For one of the 50 samples, misclassification error 10-fold cross-validation (CV) curves, using EN, LASSO, and Ridge, were done with LASSO performing the best in R1, but Ridge outperforming in R2. Overall, log(λ) and runtimes were generally the same, with EN, LASSO, and Ridge producing similarly-shaped upward-sloping graphs, albeit ungracefully.
Upon observation, the average performance (training error rate) was about 0.422, processing at fast runtimes, regardless. However, the AUCs yielded no better than 50 / 50, meaning there was a slight trade-off with performance compared to runtime. RF consistently performed the best, albeit with a runtime of +3.50 secs, with SVM taking the longest, and with minimal performance improvement.

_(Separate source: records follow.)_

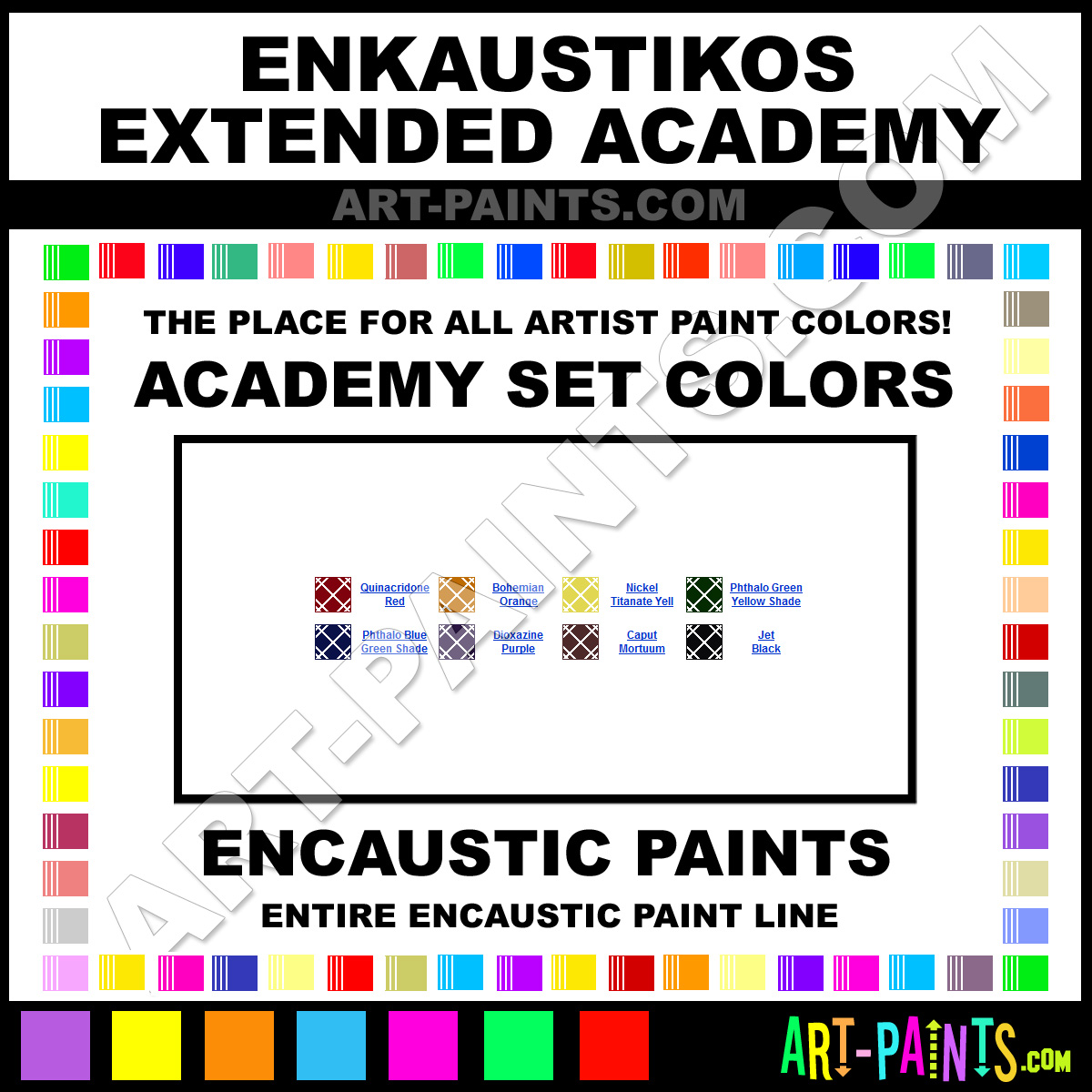 Enkaustikos makes a beautiful Extended Academy Set Paint Brand. With a complete line of Encaustic, Wax, Beeswax Color Paints, 8 colors in all, available in beautiful hues and colors, they will no doubt keep you painting and smiling at the same time. This brand is very unique and exquisite!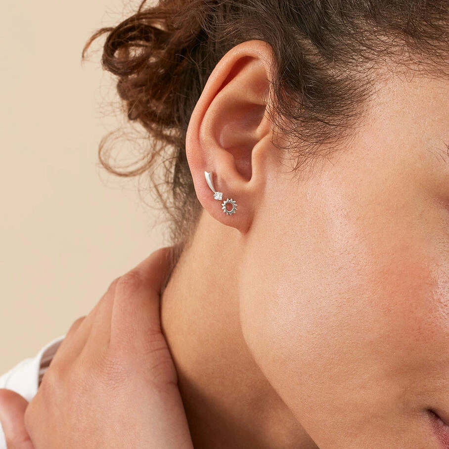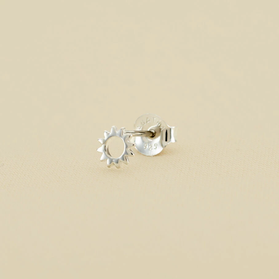 Boucle d’oreille puce en argent vĂ©ritable motif soleil. A l’unitĂ©, pour mieux les mixer et les accumuler.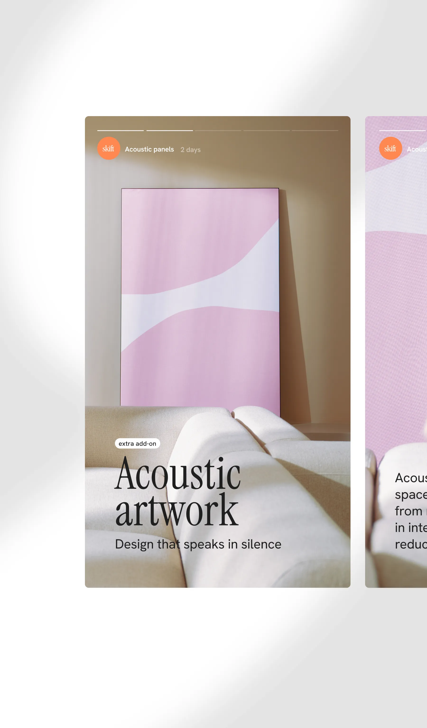 The challenge was clear: how do you make art flexible instead of permanent? How do you translate the idea of “switching” into a seamless digital experience? We designed and developed a platform where transformation is the core mechanic. The collection currently holds over 450 artworks. To make that freedom usable instead of overwhelming, we created a smart filtering system based on color, mood and collection. Visitors don’t just browse. They find their current state of mind. The purchase journey starts with the frame. A one-time foundation that users can fully configure, including the option to integrate acoustic panels directly in the configurator. From there, switching artwork becomes effortless.

Standardizing the estimated coefficients allows for its visualization (RF) and variable importance (LASSO, EN, Ridge) bar plots to be generated. Variables c69, c27, and c80 were the top 3 influencers for RF.
- The top 3 positive influencers are c85, c17, and c45
- The top 3 negative influencers are c70, c81, and c80
- There are too many unknowns, where it cannot be ascertained which specific funds and/or stocks affected performance,
- Overall, the results are no better than a 50/50 coin toss, except for RF and SVM AUCs.
- RF & SVM (best performers), AdaBoost, SGD, kNN, NB,
- Therefore, this makes financial modeling decidedly more difficult to perform.
While financial behavior can be predicted, to a certain extent to ascertain some insights from the Hedge Fund X dataset, performance may increase under differing classification models, but probably not by much. As such, although improvements can surely be made, the data may be insufficient to adequately predict the future movement of financial products, unless certain unknowns, such as what the products are and the timeline, are made available.